● Brief
Print the lines that run from the line with "- Jedan od zahteva" to the line with "Tapis noir et", keeping both end lines, exactly as they appear in the entries below, and nothing else.

● Records to process
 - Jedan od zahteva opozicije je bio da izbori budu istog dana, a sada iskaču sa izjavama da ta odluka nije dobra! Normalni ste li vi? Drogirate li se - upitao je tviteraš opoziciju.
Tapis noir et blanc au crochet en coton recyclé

* * *

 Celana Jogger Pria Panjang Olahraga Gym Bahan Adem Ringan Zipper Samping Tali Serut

● Completed exercise
 - Jedan od zahteva opozicije je bio da izbori budu istog dana, a sada iskaču sa izjavama da ta odluka nije dobra! Normalni ste li vi? Drogirate li se - upitao je tviteraš opoziciju.
Tapis noir et blanc au crochet en coton recyclé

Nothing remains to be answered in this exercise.